Emsisoft in practice
Emsisoft Cloud Console is divided into modules where users can manage settings on Emsisoft-protected devices. Protection rules can be created for individual employee profiles. This allows organizations to implement restrictive protection rules in line with the company’s security policies, or make exceptions for advanced users, IT staff and other users who require high-level access to do their work.
Despite offering many settings, Emsisoft Cloud Console remains intuitive and responsive. The aforementioned Emergency Network Lockdown feature, for example, kicks into action almost instantly. After enabling lockdown, it took just 1 to 3 seconds for our test computers to be cut off from the Internet – faster than anyone would be able to manually pull the cable out of the socket or switch between the shared computer screens.
In terms of usability, there are a lot of things to like and some thoughtful touches that will make life easier for administrators and MSPs. The console loads quickly in the browser. Changes are accepted and swiftly applied after adjusting a setting. Updates to endpoints can be delayed up to 30 days to allow administrators to perform compatibility tests before the new version is rolled out.
In summary, Emsisoft Cloud Console is a solution that offers many advantages and very few disadvantages. At the AVLab.pl portal, we try to showcase useful and good applications for enterprises. Among these solutions, there is a well-deserved place for Emsisoft.

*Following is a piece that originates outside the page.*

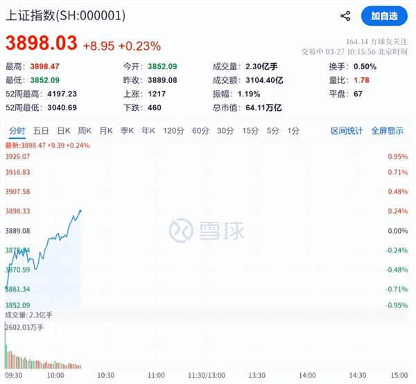3月27日,A股市场开盘走低,上证指数跌0.95%,深证成指、创业板指、科创综指等跌超1%。随后,市场震荡上行。截至发稿,上证指数、深证成指、科创综指纷纷翻红,全市场超4100只个股上涨。

The above infographic is probably a somewhat realistic depiction of a cyberattack. On the left, we have as many as 300,000 new threats that appear on a daily basis. A small number of these threats are exposed in the form of malicious hosts and opened by employees in organizations. While it’s true that only a small proportion of this malware will successfully infect a device, even a single incident can have far-reaching consequences for businesses of all sizes.
Emsisoft should be seriously considered when looking for a security solution. For Polish companies, the only barrier may be the lack of technical support in the Polish language. That is probably the only disadvantage. Smaller companies and public authorities often require Polish language support. Without it, tenders will be off the table.
Emsisoft’s product provides great protection against ransomware (Emsisoft was the first to stop the WannaCry ransomware that has used NSA exploits from the very beginning), robust security for Windows servers, and a fast, intuitive cloud-based console. The product is available as software with the console in the cloud, or the console can be installed on a company server. We recommend Emsisoft Cloud Console solution without hesitation to all small or medium-sized businesses.
Postscript. Emsisoft also makes the Emsisoft Emergency Kit, a powerful standalone scanner. It can be a very useful tool for administrators and other IT professionals who suspect an infection has taken place and wish to scan and clean infected systems.